EXERCISE BRIEF >> Output the lines of the records from the one containing "Максимальную прибавку в" through the last, both ends included. Leave pictures out.

TASK INPUT >>
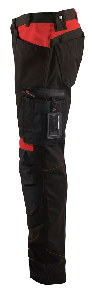 De broek heeft ook twee achterzakken, een lus voor een hamerhouder, een versterkte duimstokzak, pennenzak en messenhouder.
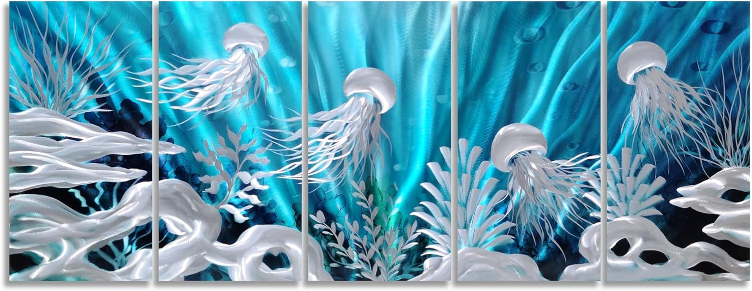 - Jelly Fish Metal Wall Art, Hand Grind on Aluminum with 3D, will complement contemporary, modern, or traditional home décor and comes to life in light!
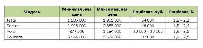 Максимальную прибавку в 97 000 руб. получил кроссовер Volkswagen Touareg. С новыми ценами на автомобили немецкой марки можно ознакомиться в нижеследующей таблице:
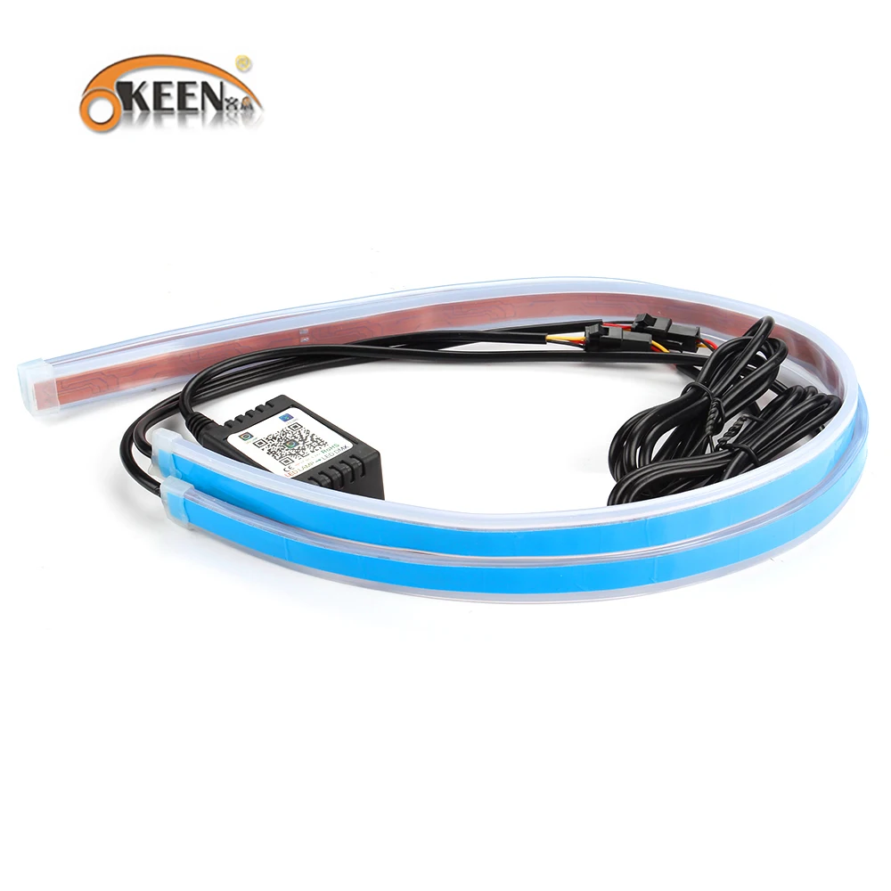 Дневные ходовые огсветильник OKEEN, 2 шт., многоцветные светодиодные полосы дневных ходовых огней RGB, DRL, в приложении, для головного светильник
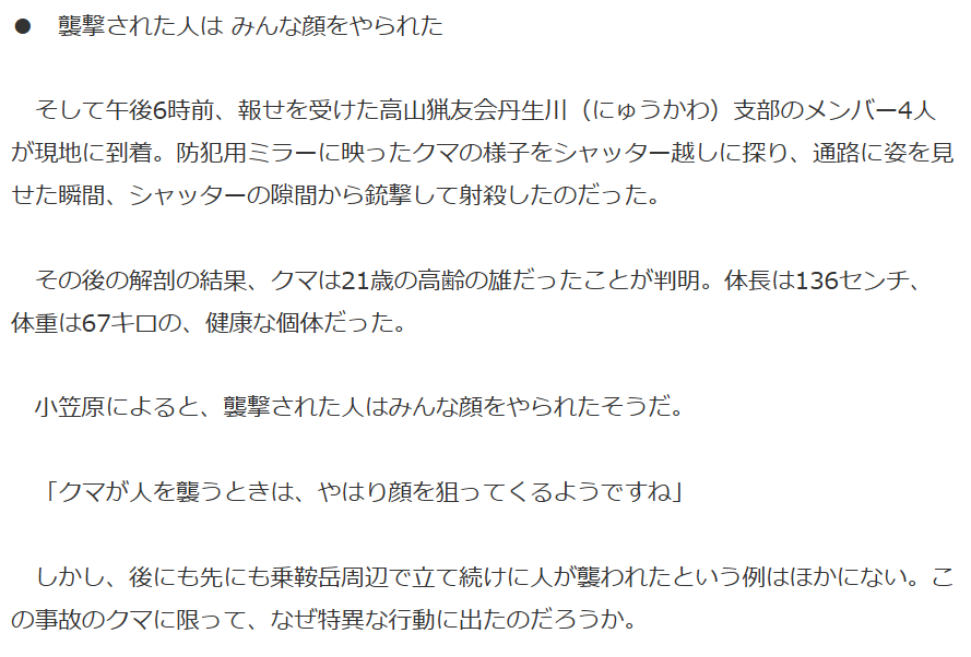 | … | 21無念Nameとしあき25/10/31(金)08:41:40No.1362645743そうだねx1>羅臼岳で7月に熊を餌付けしてた事案があったんだけど次の8月に人間が襲われて亡くなったからもう人災含んでるぜコレ… |

RESPONSE >>
 Максимальную прибавку в 97 000 руб. получил кроссовер Volkswagen Touareg. С новыми ценами на автомобили немецкой марки можно ознакомиться в нижеследующей таблице:
 Дневные ходовые огсветильник OKEEN, 2 шт., многоцветные светодиодные полосы дневных ходовых огней RGB, DRL, в приложении, для головного светильник
 | … | 21無念Nameとしあき25/10/31(金)08:41:40No.1362645743そうだねx1>羅臼岳で7月に熊を餌付けしてた事案があったんだけど次の8月に人間が襲われて亡くなったからもう人災含んでるぜコレ… |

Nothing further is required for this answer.